🤖 AI Summary
This paper studies how a principal can maximize utility when repeatedly interacting with agents employing mean-based learning. To overcome the exponential computational complexity inherent in computing exact Stackelberg equilibria, we introduce the novel concept of *local Stackelberg equilibrium* and develop a polynomial-time approximation scheme (PTAS) within a smoothed analysis framework. Our method reduces equilibrium computation complexity to polynomial in the agent’s action space size and provides rigorous convergence guarantees to an ε-approximate local equilibrium. We further establish that the exponential dependence of runtime on 1/ε is fundamentally unavoidable. This work delivers the first strategy optimization paradigm for principal–agent multi-agent interactions that simultaneously offers strong theoretical guarantees—namely, approximation accuracy and convergence—and practical computational tractability.
📝 Abstract
Motivated by the question of how a principal can maximize its utility in repeated interactions with a learning agent, we study repeated games between an principal and an agent employing a mean-based learning algorithm. Prior work has shown that computing or even approximating the global Stackelberg value in similar settings can require an exponential number of rounds in the size of the agent's action space, making it computationally intractable.
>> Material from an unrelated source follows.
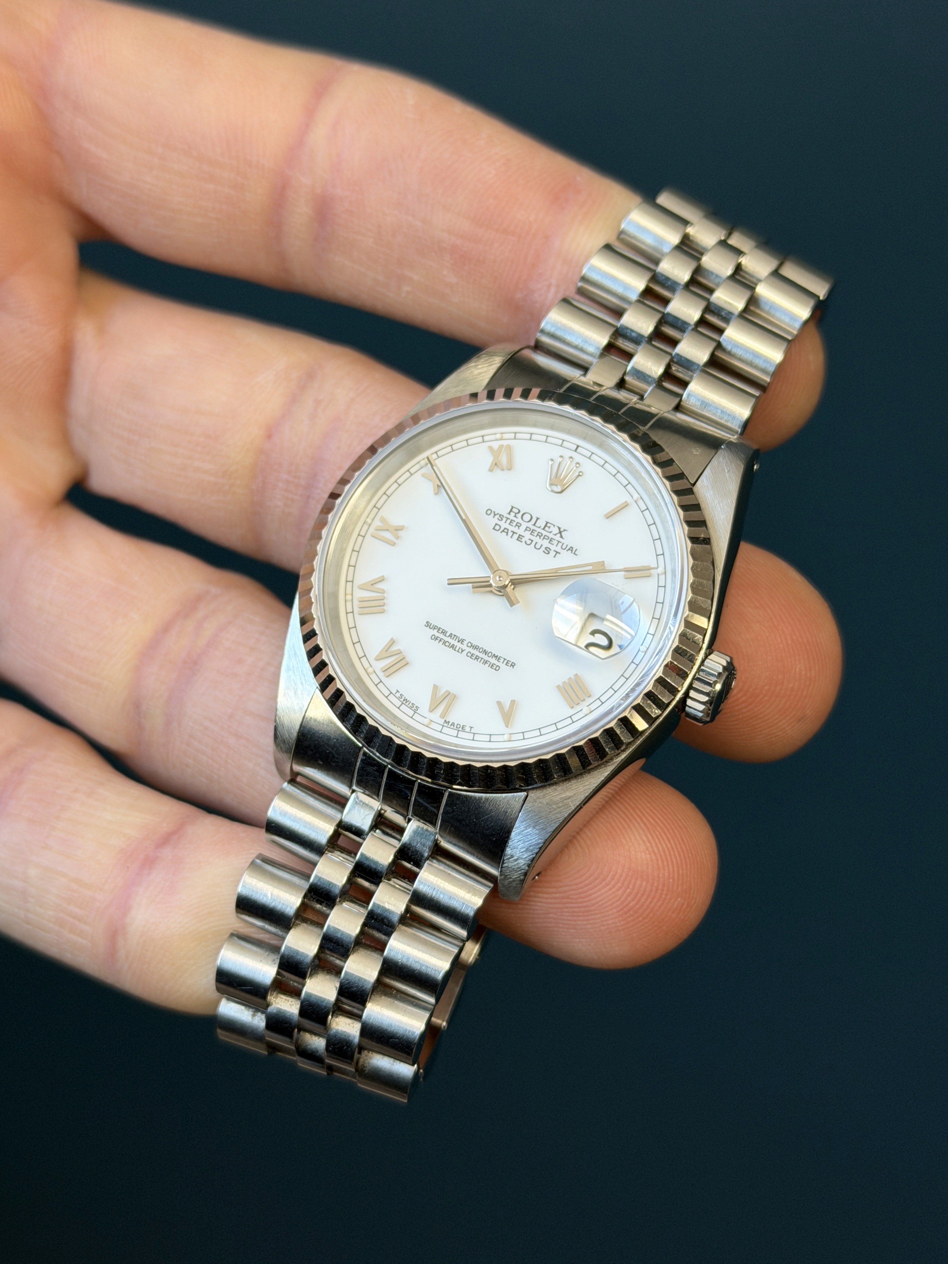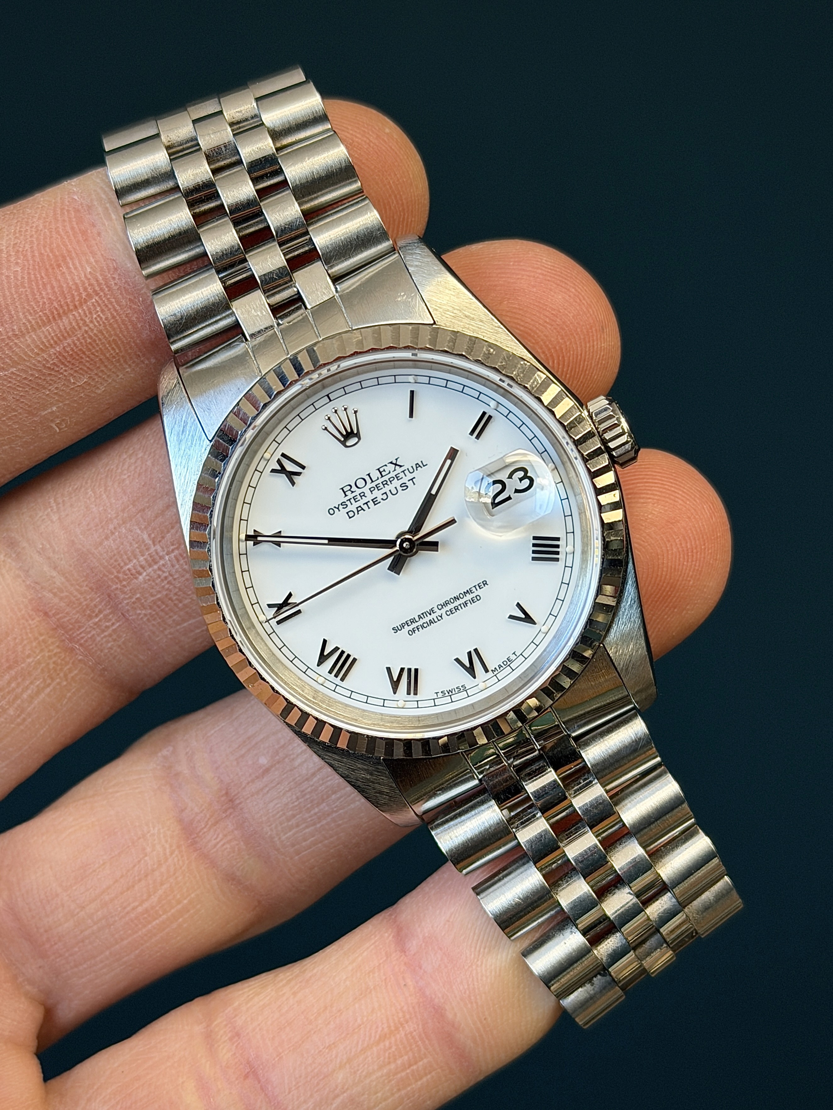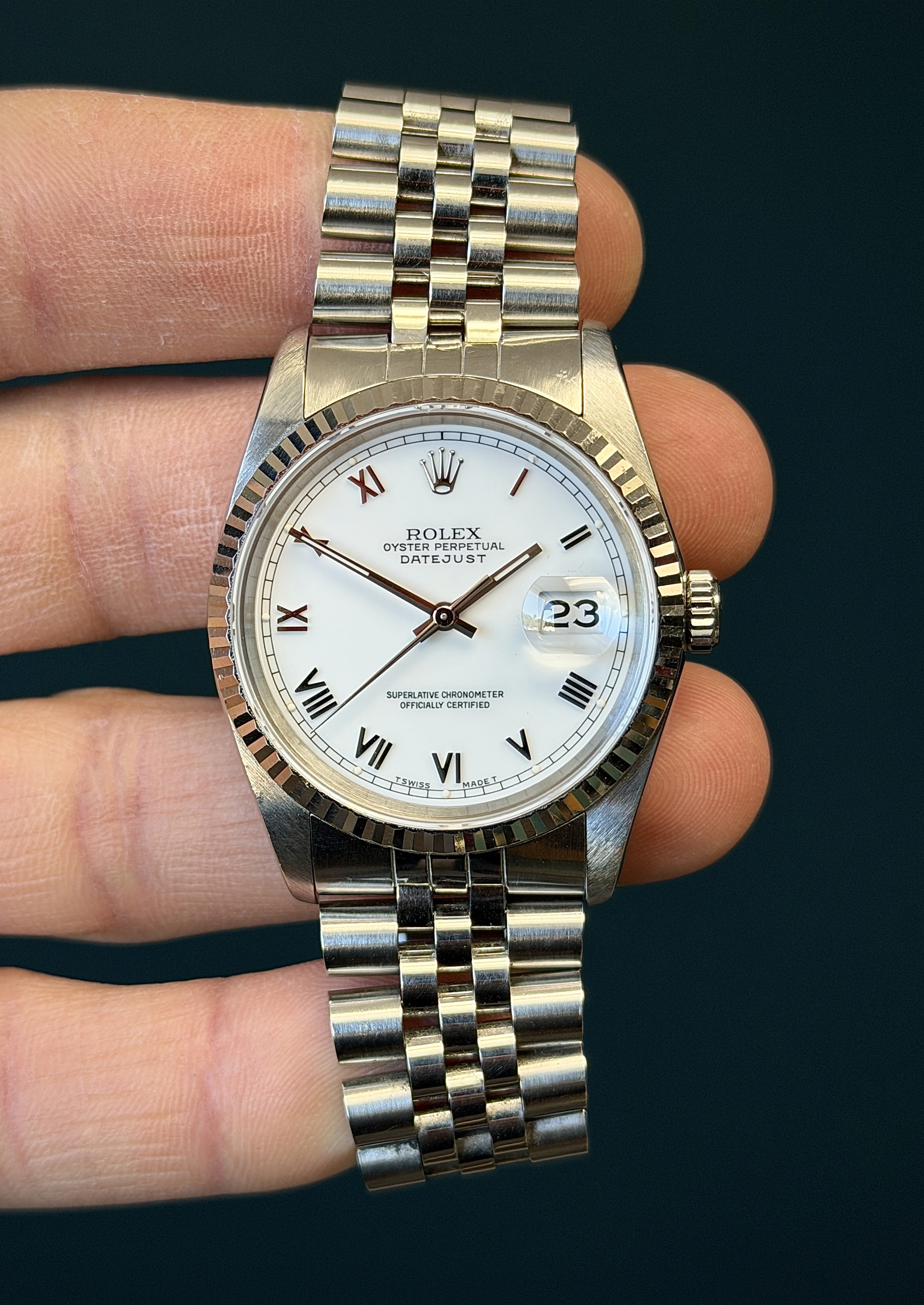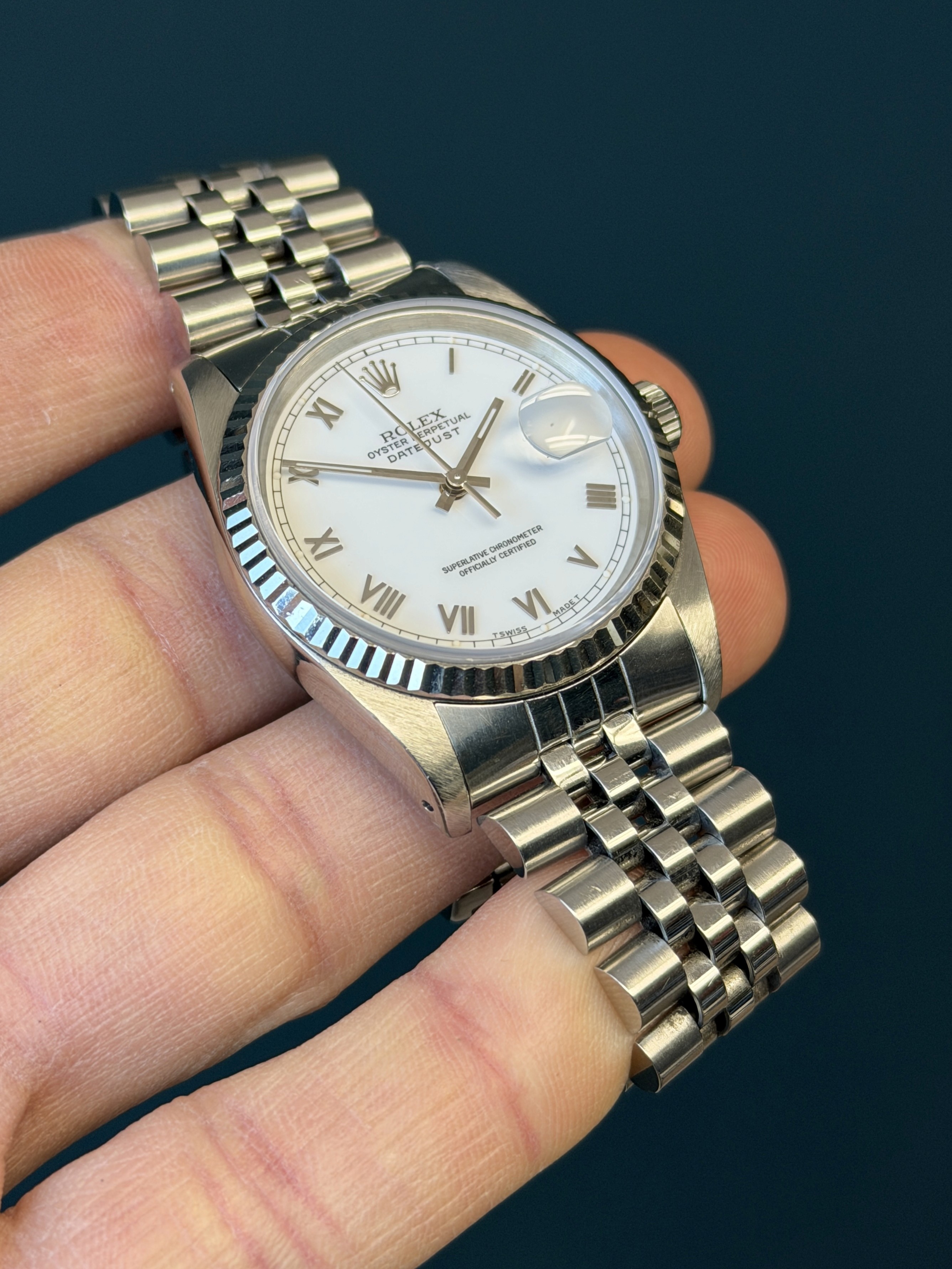 The Rolex Datejust reference 16234 is a timeless and iconic timepiece renowned for its elegant design and precision engineering. With a classic White gold bezel and holes stainless steel case measuring 36mm in diameter, this watch exudes understated luxury suitable for any occasion. Its dial features a rare Porcelain Roman dial and a date window at the 3 o'clock position, enhanced by the iconic Cyclops lens for magnified legibility. Powered by Rolex's reliable self-winding mechanical movement, the Datejust 16234 promises exceptional accuracy and durability. Finished with a stainless steel Jubilee bracelet , this watch epitomizes the perfect balance between sophistication and functionality, making it a cherished companion for all.

In contrast, we shift focus to the computation of local Stackelberg equilibria and introduce an algorithm that, within the smoothed analysis framework, constitutes a Polynomial Time Approximation Scheme (PTAS) for finding an epsilon-approximate local Stackelberg equilibrium. Notably, the algorithm's runtime is polynomial in the size of the agent's action space yet exponential in (1/epsilon) - a dependency we prove to be unavoidable.